The word ‘texture’ has been used to describe variations in bed form morphologies [40], to map spatial arrangements of riverbed sediment [41], as synonymous with grain size distributions [11], and as a term to describe any surface roughness, rugosity, or waviness without strict definition [42]. The word is often used to substitute for a suite of variables related to the grain size, roughness, and the spatial arrangement of those quantities on the bed, where information on these quantities is lacking [43]. Roughness often refers to 1st-order metrics, such as the standard deviation of riverbed elevations [44], whereas texture often refers to 2nd-order metrics that take into occur the spatial arrangement of roughness elements or spatially continuous areas of like-roughness [43]. The word texture is often used in remote sensing in situations where the actual scale of interest, such as the bed form or grain scale, exist at the sub-pixel scale which is not resolvable but results in supra-pixel spatial arrangements of pixel intensities that indicate the presence and/or magnitude of the features of interest [45]. In a similar vein, here the word texture is used here in a qualitative sense to describe the spatial arrangement of surface roughness, that itself is the product of both supra-pixel (i.e. grouping of pixels) and sub-pixel (i.e. single pixel) grain size and morphologies, and in the quantitative sense as the value of a particular spatial statistic that is indicative of a particular band of grain sizes.

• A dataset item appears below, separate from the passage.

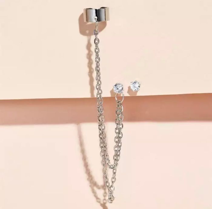 boucles d’oreilles manchette à chaîne deux couleur au choix - photo numéro 1
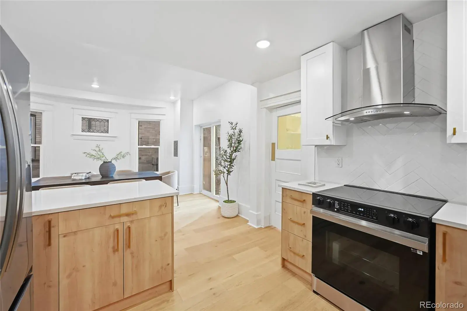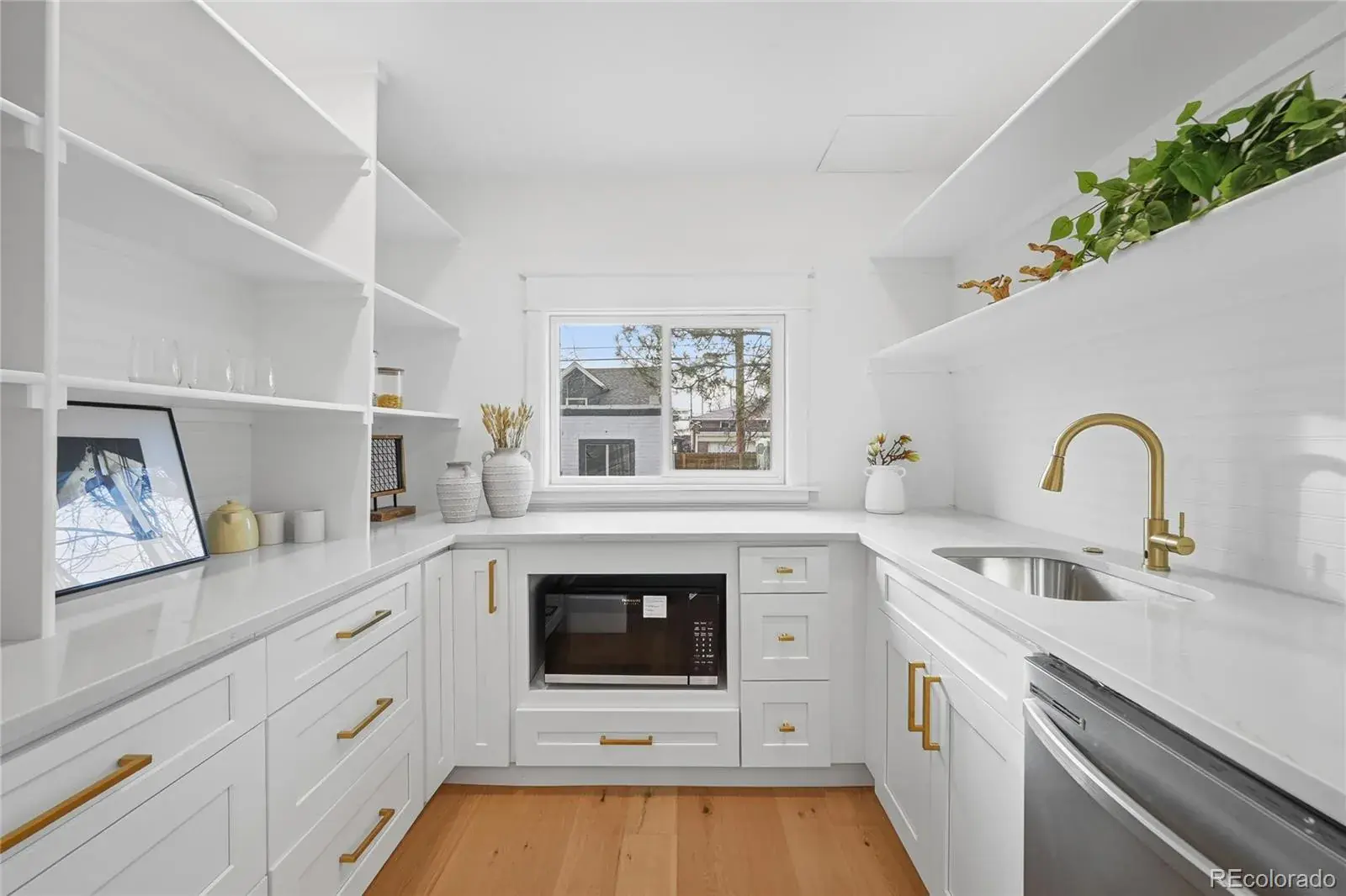 The fully renovated kitchen features quartz countertops, stainless appliances, custom two-tone cabinetry, brass hardware, and a generous island layout designed for both daily living and entertaining. A separate coffee bar/butler’s pantry adds additional storage, prep space, and a luxury touch rarely found in homes of this era.

The objective of this study is to develop an unsupervised classification of substrates based on their corresponding textures in side scan echograms. This paper builds on Buscombe [22] by evaluating how echograms collected with a recreational-grade sonar system can be used to objectively identify classify and map (e.g. delineate) riverbed sediment. Perceptually homogeneous textures in an echogram are each characteristic of a different substrate, therefore discriminating among these textures using statistical techniques, creates a substrate map. We use a case study of multiple side scan sonar images a canyon riverbed to evaluate optimal texture metrics for broad-scale (a coverage of hundreds to thousands of square meters at a resolution of meters to decimeters) substrate classification. First, we examine textural characteristics of echograms from visually identified areas of interpreted substrate types. We then test and evaluate two classification approaches of differing complexity. Each classification approach is calibrated to a particular riverbed, before it is then applied to entire datasets from that riverbed in an unsupervised manner. We further evaluate the ability of the sidescan-derived substrate maps to reproduce reach-averaged proportions of substrates in calibrated acoustical substrate maps derived from multibeam sonar. Finally, we discuss how these methods could be applied to echograms of other mixed alluvial beds with a different sedimentary and morphological character, and the implications of using recreational-grade side sonar systems for characterizing riverbed sediment for physical benthic habitat assessment.

Methods

This work was conducted with assistance from the U.S. Geological Survey Grand Canyon Monitoring and Research Center under research permits issued by the National Park Service. Our approach to building an unsupervised classification using statistical descriptors requires manual delineation of different substrates within the data. The manually delineated substrate classes serve as training zones to identify statistical descriptors that can discriminate substrate classes from each other. We then optimize the discriminatory power of a classification approach before applying the classification in an unsupervised way to larger portions of the data set. We then validate the classification by evaluating the unsupervised classification’s ability to classify manually delineated substrate classes.

Data collection & study area

We collected side scan sonar data at a fish monitoring site spanning a 1.6-km canyon-bound reach of the Colorado River [46–48]. The study reach is located 98-km downstream of Lees Ferry in Marble Canyon, Arizona, directly upstream from the confluence of the Little Colorado River, and covers multiple pool-riffle sequences. Data were collected during five river trips between May 2012 and April 2015 (Table 1) between fish sampling activities during quarterly fish sampling trips by various operators and boatmen, who had little or no prior knowledge collecting these data. Data were not quality-controlled in the field, and no repeat surveys were conducted. This protocol was intentionally designed to mimic rapid, opportunistic sampling. At a minimum, data were collected over the entire fish sampling reach, but trip-by-trip survey extents were dictated by the availability of operators and the logistical requirements of the fish sampling activities.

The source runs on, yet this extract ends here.